EXERCISE DETAILS> Although the records contain pictures, only their text should be repeated, exactly as it stands.

RECORDS FOR PROCESSING>
BEGIN
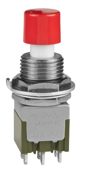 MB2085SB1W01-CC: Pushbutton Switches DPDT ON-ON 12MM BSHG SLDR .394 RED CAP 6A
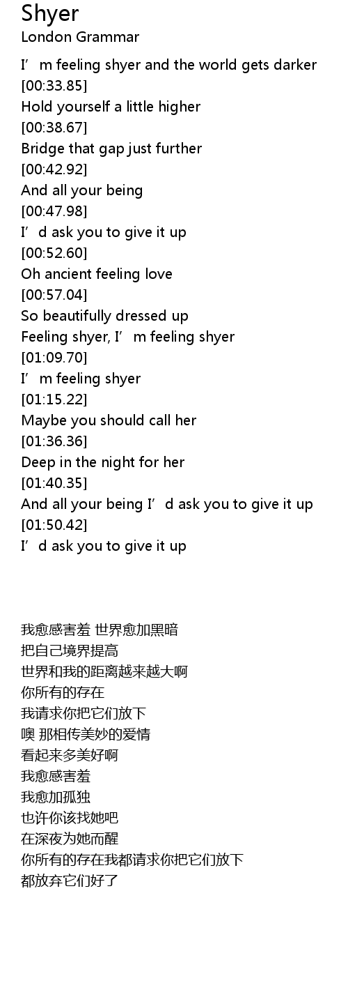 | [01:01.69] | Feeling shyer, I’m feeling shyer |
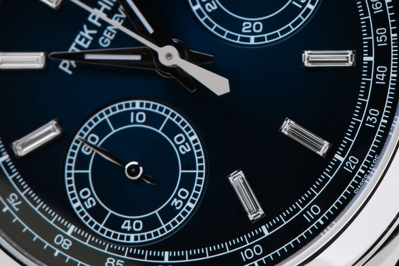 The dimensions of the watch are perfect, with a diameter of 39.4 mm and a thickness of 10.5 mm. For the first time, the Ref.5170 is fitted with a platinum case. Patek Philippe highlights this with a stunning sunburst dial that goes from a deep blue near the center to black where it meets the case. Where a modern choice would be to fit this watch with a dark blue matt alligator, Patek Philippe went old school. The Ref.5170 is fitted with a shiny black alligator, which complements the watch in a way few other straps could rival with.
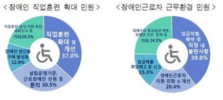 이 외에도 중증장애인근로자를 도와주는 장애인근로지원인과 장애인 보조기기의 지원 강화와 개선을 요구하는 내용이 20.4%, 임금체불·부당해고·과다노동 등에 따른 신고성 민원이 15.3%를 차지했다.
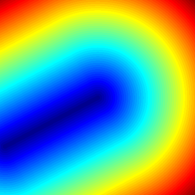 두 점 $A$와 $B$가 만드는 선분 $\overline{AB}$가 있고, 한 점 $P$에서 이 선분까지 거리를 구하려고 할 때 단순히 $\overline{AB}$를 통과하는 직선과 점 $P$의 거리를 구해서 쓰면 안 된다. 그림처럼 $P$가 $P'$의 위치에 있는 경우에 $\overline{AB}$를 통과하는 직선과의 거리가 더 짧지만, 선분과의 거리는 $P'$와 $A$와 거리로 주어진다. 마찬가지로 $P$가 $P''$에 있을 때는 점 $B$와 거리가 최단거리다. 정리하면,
END
SOLUTION TO THE PROBLEM>
 MB2085SB1W01-CC: Pushbutton Switches DPDT ON-ON 12MM BSHG SLDR .394 RED CAP 6A
 | [01:01.69] | Feeling shyer, I’m feeling shyer |
 The dimensions of the watch are perfect, with a diameter of 39.4 mm and a thickness of 10.5 mm. For the first time, the Ref.5170 is fitted with a platinum case. Patek Philippe highlights this with a stunning sunburst dial that goes from a deep blue near the center to black where it meets the case. Where a modern choice would be to fit this watch with a dark blue matt alligator, Patek Philippe went old school. The Ref.5170 is fitted with a shiny black alligator, which complements the watch in a way few other straps could rival with.
 이 외에도 중증장애인근로자를 도와주는 장애인근로지원인과 장애인 보조기기의 지원 강화와 개선을 요구하는 내용이 20.4%, 임금체불·부당해고·과다노동 등에 따른 신고성 민원이 15.3%를 차지했다.
 두 점 $A$와 $B$가 만드는 선분 $\overline{AB}$가 있고, 한 점 $P$에서 이 선분까지 거리를 구하려고 할 때 단순히 $\overline{AB}$를 통과하는 직선과 점 $P$의 거리를 구해서 쓰면 안 된다. 그림처럼 $P$가 $P'$의 위치에 있는 경우에 $\overline{AB}$를 통과하는 직선과의 거리가 더 짧지만, 선분과의 거리는 $P'$와 $A$와 거리로 주어진다. 마찬가지로 $P$가 $P''$에 있을 때는 점 $B$와 거리가 최단거리다. 정리하면,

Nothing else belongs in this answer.